EXERCISE MATERIAL —
----

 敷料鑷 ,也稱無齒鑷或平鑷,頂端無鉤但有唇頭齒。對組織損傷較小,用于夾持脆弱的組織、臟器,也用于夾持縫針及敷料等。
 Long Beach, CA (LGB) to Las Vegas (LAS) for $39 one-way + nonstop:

----

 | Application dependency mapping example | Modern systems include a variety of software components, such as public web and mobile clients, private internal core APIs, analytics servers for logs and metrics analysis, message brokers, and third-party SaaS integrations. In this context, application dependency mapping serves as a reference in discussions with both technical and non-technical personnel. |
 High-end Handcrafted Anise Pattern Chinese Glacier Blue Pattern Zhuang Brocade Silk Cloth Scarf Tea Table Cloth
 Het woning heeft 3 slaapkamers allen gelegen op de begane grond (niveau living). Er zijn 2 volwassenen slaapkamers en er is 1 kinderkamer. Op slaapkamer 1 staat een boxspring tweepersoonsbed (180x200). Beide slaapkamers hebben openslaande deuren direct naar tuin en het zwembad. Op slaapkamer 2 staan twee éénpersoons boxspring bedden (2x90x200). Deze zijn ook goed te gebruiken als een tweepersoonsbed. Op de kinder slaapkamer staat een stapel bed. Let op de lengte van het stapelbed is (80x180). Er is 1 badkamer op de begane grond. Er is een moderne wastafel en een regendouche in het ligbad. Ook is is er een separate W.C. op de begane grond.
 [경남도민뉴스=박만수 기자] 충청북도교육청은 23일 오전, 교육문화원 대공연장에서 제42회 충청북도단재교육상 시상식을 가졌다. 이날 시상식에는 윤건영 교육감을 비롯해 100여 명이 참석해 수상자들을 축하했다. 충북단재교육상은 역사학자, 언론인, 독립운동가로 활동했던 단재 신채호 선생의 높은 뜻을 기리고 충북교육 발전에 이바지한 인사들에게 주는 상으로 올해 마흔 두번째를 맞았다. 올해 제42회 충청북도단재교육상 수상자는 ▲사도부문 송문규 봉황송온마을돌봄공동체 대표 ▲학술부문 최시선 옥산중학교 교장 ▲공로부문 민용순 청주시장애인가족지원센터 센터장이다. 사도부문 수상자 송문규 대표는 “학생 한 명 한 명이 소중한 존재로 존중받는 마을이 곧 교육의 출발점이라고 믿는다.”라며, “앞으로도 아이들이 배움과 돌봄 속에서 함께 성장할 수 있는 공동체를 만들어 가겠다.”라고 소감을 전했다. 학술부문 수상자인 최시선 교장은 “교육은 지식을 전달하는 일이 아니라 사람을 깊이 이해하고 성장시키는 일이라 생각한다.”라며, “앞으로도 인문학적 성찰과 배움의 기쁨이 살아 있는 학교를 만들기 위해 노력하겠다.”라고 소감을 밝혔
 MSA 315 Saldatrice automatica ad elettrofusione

----

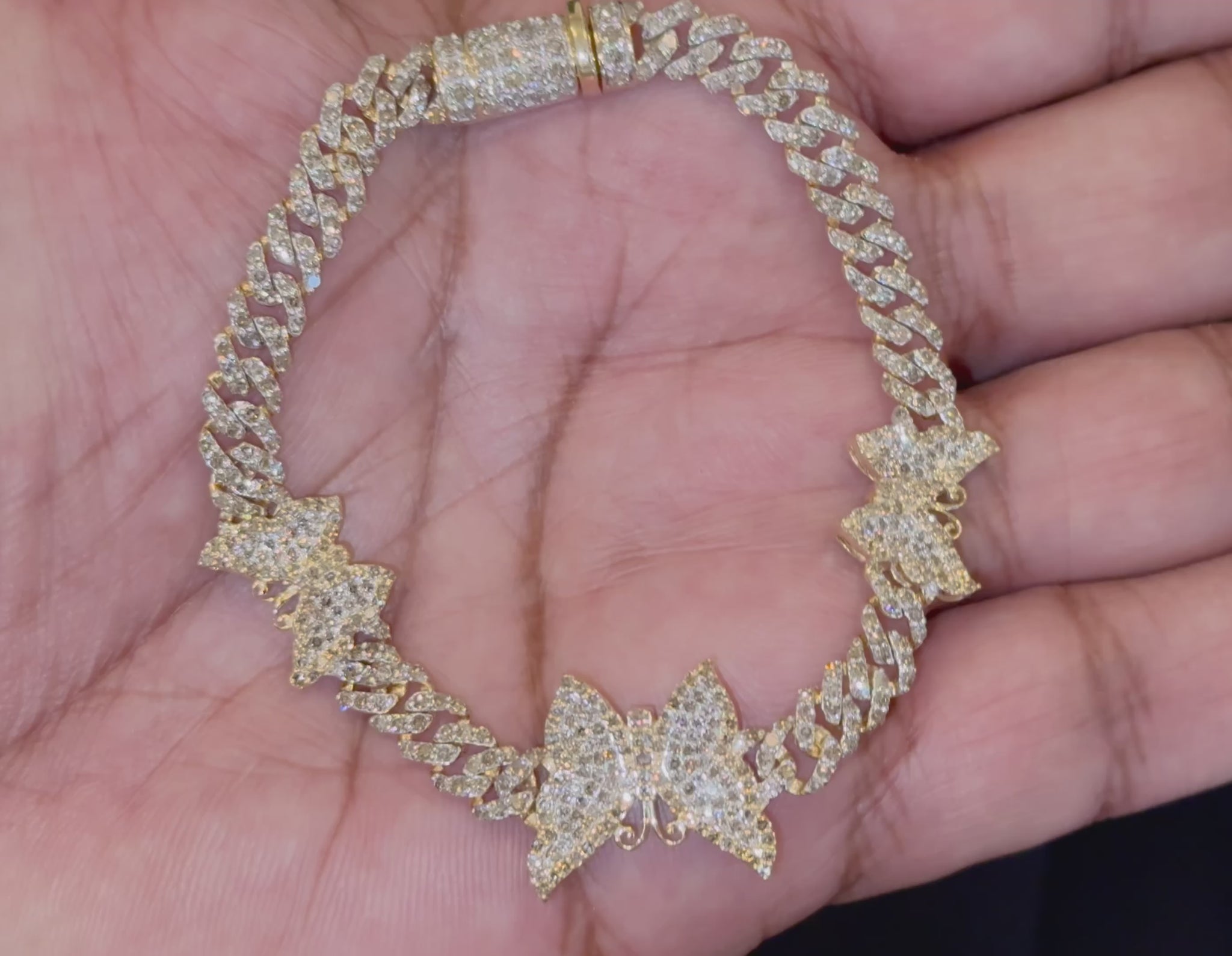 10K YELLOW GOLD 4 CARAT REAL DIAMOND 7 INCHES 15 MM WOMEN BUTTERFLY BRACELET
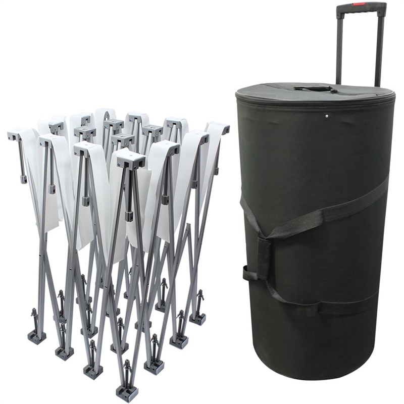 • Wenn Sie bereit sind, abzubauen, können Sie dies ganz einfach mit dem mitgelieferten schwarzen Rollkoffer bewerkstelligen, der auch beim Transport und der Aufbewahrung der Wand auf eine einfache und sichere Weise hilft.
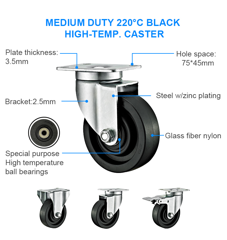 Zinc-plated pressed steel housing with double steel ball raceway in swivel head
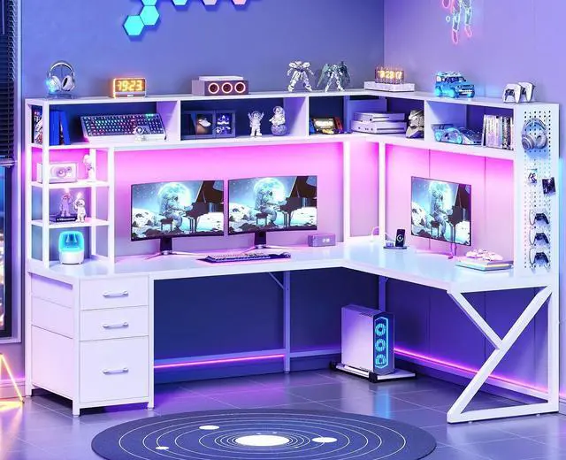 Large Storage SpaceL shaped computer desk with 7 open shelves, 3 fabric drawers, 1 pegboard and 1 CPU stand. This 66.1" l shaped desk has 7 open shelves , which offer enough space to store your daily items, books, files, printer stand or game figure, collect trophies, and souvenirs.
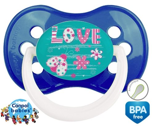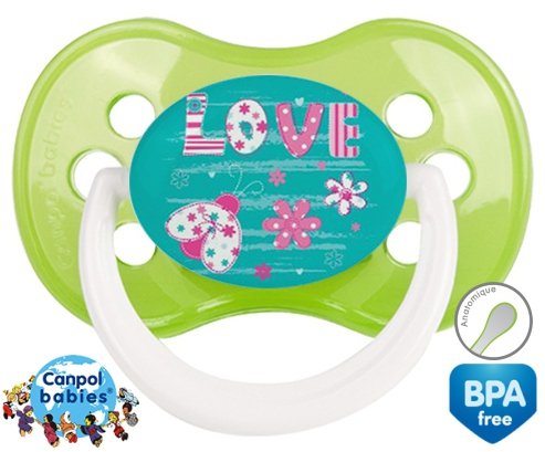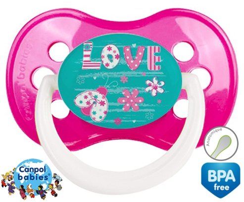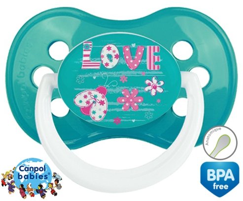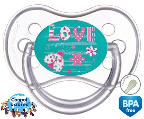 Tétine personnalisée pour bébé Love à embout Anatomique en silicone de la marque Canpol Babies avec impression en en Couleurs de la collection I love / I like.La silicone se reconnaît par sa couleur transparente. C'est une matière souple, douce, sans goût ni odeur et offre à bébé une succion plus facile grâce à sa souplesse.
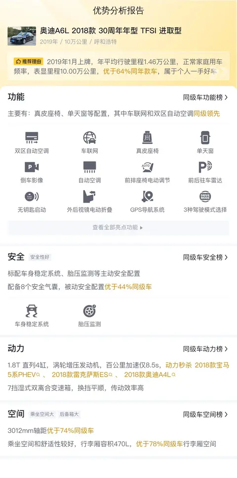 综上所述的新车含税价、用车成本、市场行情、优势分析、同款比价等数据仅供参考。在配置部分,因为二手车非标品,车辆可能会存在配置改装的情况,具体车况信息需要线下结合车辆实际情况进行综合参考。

----

WORK TASK — Start at the line above containing "10K YELLOW GOLD" and stop at the line containing "综上所述的新车含税价、用车成": print those lines and everything between them exactly, but not the pictures.

COMPLETED EXERCISE —
 10K YELLOW GOLD 4 CARAT REAL DIAMOND 7 INCHES 15 MM WOMEN BUTTERFLY BRACELET
 • Wenn Sie bereit sind, abzubauen, können Sie dies ganz einfach mit dem mitgelieferten schwarzen Rollkoffer bewerkstelligen, der auch beim Transport und der Aufbewahrung der Wand auf eine einfache und sichere Weise hilft.
 Zinc-plated pressed steel housing with double steel ball raceway in swivel head
 Large Storage SpaceL shaped computer desk with 7 open shelves, 3 fabric drawers, 1 pegboard and 1 CPU stand. This 66.1" l shaped desk has 7 open shelves , which offer enough space to store your daily items, books, files, printer stand or game figure, collect trophies, and souvenirs.
 Tétine personnalisée pour bébé Love à embout Anatomique en silicone de la marque Canpol Babies avec impression en en Couleurs de la collection I love / I like.La silicone se reconnaît par sa couleur transparente. C'est une matière souple, douce, sans goût ni odeur et offre à bébé une succion plus facile grâce à sa souplesse.
 综上所述的新车含税价、用车成本、市场行情、优势分析、同款比价等数据仅供参考。在配置部分,因为二手车非标品,车辆可能会存在配置改装的情况,具体车况信息需要线下结合车辆实际情况进行综合参考。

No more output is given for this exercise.